Mom drug her left foot, lost her balance and fell on both replacement knees last Sept; left knee was bruised and healed completely while right knee suffered a simple fracture just above the prosthesis which worsen when PT tried to push through a plateau earlier this year. PT has been discontinued for at least 3 months to give the bone a chance to heal, but doctor recommends she keeps walking daily but not to the point of pain. The latest assessment is that Mom will never walk normally again regardless of how well the bone heals because her spinal stenosis has finally impaired nerve function enough to imped walking. She now drags the left foot when using the walker (as she has throughout PT); she has more than enough strength to walk, as we see in her sit to stand and balance tests, but she can not lift that left foot well when standing. I've known for over two decades that Mom would probably end up in a wheelchair if she lived long enough and it seems we are nearly there now.
My challenge in this transition in managing (1) how many steps she takes a day so the simple fracture heals and does not cause pain and knee swelling and (2) how to prevent swelling in her feet from vinous insufficiency compromising her walking stability and possibly causing blood clots. When Mom goes to adult day care in her wheelchair, she doesn't walk at all except for a few steps in the bath room (rolls the wheelchair w her feet). The nurse puts Mom into a recliner for at least an hour in the middle of the day care day, but she still has some significant swelling when she arrives at home. When she tries to walk on the swollen feet, she is very unsteady (going from a medium to a high fall risk). I think it might hurt to walk on the swollen feet so we use the wheelchair to visit the bath room and then get into her lift recliner with minimal steps.
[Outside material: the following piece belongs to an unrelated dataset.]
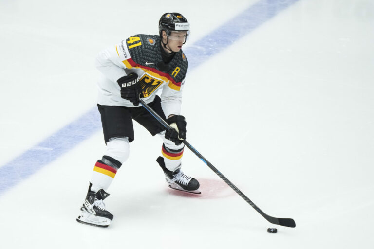Nemecký obranca Jonas Müller počas zápasu proti USA v základnej B-skupine na MS v hokeji 2025. Herning (Jyske Bank Boxen), 17. máj 2025. Foto: Claus Fisker/Ritzau Scanpix via AP.

The problem is some days Mom wants to get up almost as soon as I get her feet up. Experimentation has shown that a minimum of 90 minutes (120 is much better) is needed for Mom to walk with her fairly stable new normal. Most days, I settle her in the chair with a snack and the paper and she's fine for a couple of hours, often taking a nap after she's done with the paper. Other days she wants up and out of the chair so she can walk with the walker to the bathroom because she wants to pee (even though she did that less than 5 minutes before). And then she wants to go again in 10-15 minutes, and sometimes again in another 5-30 minutes; she does have almost no short term memory and MCI. If I give in and help her up every time she asks I not only need to hold my breath and pray she doesn't fall again right in front of me, but we end up stressing the knee enough that it starts swelling too and hurting. For some reason she refuses to use the wheelchair for most of these repeat trips. Needless to say, the deposit from these close timed trips is almost non-existent (1 tsp to maybe 1 tbsp).
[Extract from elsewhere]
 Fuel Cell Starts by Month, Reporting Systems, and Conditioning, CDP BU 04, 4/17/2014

My current solution is unplugging the recliner so she cannot get out of it by herself and placing the bed side commode by the chair the first time she asks for an early bathroom visit. I give Mom the choice of using the commode or the incontinence panty she wears overnight and to day care (almost always dry when she comes back from day care). Often she tells me to never mind and at the end of 2 hours when she gets up the incontinence pantry is still dry. Since she doesn't have a UTI, I'm assuming this is MCI or maybe an early dementia behavior.
Any suggestions for how I could manage this balancing act better? There's a part of me that really hates telling her no when she wants something as simple as getting up to go to the bathroom but the larger part right now is screaming that we need to avoid another fall if at all possible. I can care for Mom at home as long as she can help with her transfers; with my own spinal stenosis problems, I not sure I can manage without her help even with some kind of lift system.
You have the determination to do this. Remember, small steps. (((Hugs)))
Btw, there is no way to “sense” if someone has a urinary tract infection. They present differently in everyone. Some people have such a negative change in behavior, they’re impossible to deal with. Others might have frequent urination, a fever, feelings of always having to “go”, etc. The only way to be certain is a urine test and/or culture. I can also say that my mom’s roommate spent 23hrs and 59 minutes in the bathroom each day. She’d come out, lay down in her bed, immediately get back out of bed and go into the bathroom. This went on all day, every day.
If she can handle the brace, it was a bit uncomfortable for my Husband, at least the one he had but there are many and there might have been one that would have worked better for him.